La bourse ferme dans 1 h 54 min

La Bourse de Paris reste prudente, en l'absence de Wall Street (-0,23%)

Salle de contrôle d'Euronext, l'opérateur de la Bourse de Paris, à La Défense, le 27 avril 2018

Paris (AFP) - La Bourse de Paris restait en léger recul (-0,23%) jeudi à la mi-journée, optant pour la prudence en l'absence de Wall Street et devant le regain de tensions entre Pékin et Washington sur Hong Kong.

A 13H32 (12H32 GMT), l'indice CAC 40 perdait 13,36 points à 5.913,48 points, dans un volume d'échanges faible de 624 millions d'euros. La veille, il avait fini à l'équilibre (-0,05%).

La cote parisienne a ouvert en léger recul et n'a pas changé d'avis depuis.

En raison de la fête américaine de Thanksgiving, Wall Street sera fermée toute la journée ce jeudi et n'ouvrira que pour une demi-séance vendredi.

"Les actions européennes sont dans le rouge aujourd'hui alors que les tensions entre la Chine et les États-Unis ont un peu ressurgi avec la signature par Donald Trump d'une loi en faveur de Hong Kong", a résumé David Madden, un analyste de CMC Markets.

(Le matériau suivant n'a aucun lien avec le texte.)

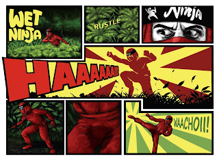 Hello all, this was for the same friend of mine that wants all the weird comics. This time he basically specified that there be a ninja in it and that he wets himself in the end frame. I initially had a velociraptor in there, but he didn't want it so off it went. That's the way the cookie crumbles.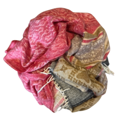 Šalis iš natūralios jako vilnos. Gali būti naudojamas kaip pledas arba šalikas. Šiltas, jaukus ir gražus šalis praskaidrins jūsų nuotaiką indiškomis spalvomis.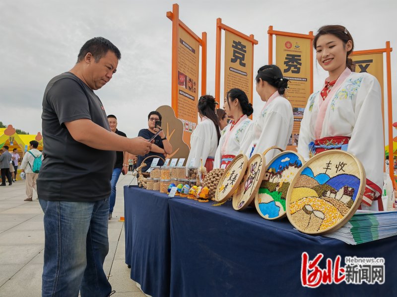 圖為競秀區(qū)慶祝農(nóng)民豐收節(jié)現(xiàn)場,市民在種子展臺前拍照。河北日報記者李連成攝

L'apaisement avait dominé le début de semaine dans le conflit commercial sino-américain, après des échanges entre négociateurs chinois et américains qui étaient convenus de rester en contact afin de parvenir à "un accord préliminaire", selon l'agence Chine nouvelle.

Mais la promulgation par le président américain Donald Trump d'une loi soutenant les manifestations pro-démocratie à Hong Kong a provoqué une vive réaction de Pékin qui a qualifié ce texte "d'abomination absolue" et menacé Washington de représailles.

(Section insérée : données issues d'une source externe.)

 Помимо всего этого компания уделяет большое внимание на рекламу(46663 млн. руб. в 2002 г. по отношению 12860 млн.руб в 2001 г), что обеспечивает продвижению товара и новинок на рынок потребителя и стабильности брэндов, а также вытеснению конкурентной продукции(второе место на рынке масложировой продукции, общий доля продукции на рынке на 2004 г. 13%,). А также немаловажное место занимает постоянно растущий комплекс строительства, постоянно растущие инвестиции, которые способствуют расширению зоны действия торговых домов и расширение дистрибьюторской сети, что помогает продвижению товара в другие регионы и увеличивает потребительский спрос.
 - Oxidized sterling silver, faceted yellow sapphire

Du côté des indicateurs, la croissance des crédits accordés par les banques de la zone euro au secteur privé a légèrement accéléré en octobre, selon la Banque centrale européenne (BCE).

- Rémy Cointreau mal accueilli -

Sur le terrain des valeurs, Soitec perdait 1,99% à 113,20 euros, lesté par des prises de bénéfices après avoir annoncé une hausse de son bénéfice net de 28% à 41,5 millions d'euros au premier semestre de son exercice décalé 2019-2020. Depuis le premier janvier, le groupe enregistre la plus forte hausse de l'indice SBF 120 avec un bond de près de 124%.

Les valeurs les plus exposées aux tensions sino-américaines, comme l'automobile ou les matières premières, étaient pénalisées.

Renault reculait de 1,25% à 43,39 euros et Peugeot de 1,03% à 22,20 euros.

ArcelorMittal reculait également de 1,06% à 15,51 euros, à l'instar d'Eramet (-1,47% à 40,89 euros).

Rémy Cointreau s'enfonçait pour sa part de 3,25% à 116,20 euros, souffrant d'une publication en deçà des attentes avec un bénéfice net hors éléments exceptionnels en recul, tout comme le chiffre d'affaires, au premier semestre.

Europcar montait pour sa part de 4,74% à 4,20 euros alors que Morgan Stanley a renforcé sa présence au sein du groupe et détient désormais 8,11% du capital, selon la déclaration de franchissement du seuil de 5% publiée mercredi par l'Autorité des marchés financiers. Des informations de presse évoquent depuis plusieurs jours l'intérêt de fonds d'investissement, dont Apollo Global Management qui envisagerait une montée au capital.

LDC baissait de 3,93% à 110 euros après avoir vu son bénéfice net reculer de 4% à 65,6 millions d'euros au premier semestre de son exercice 2019-2020, tandis que ses ventes continuaient de croître.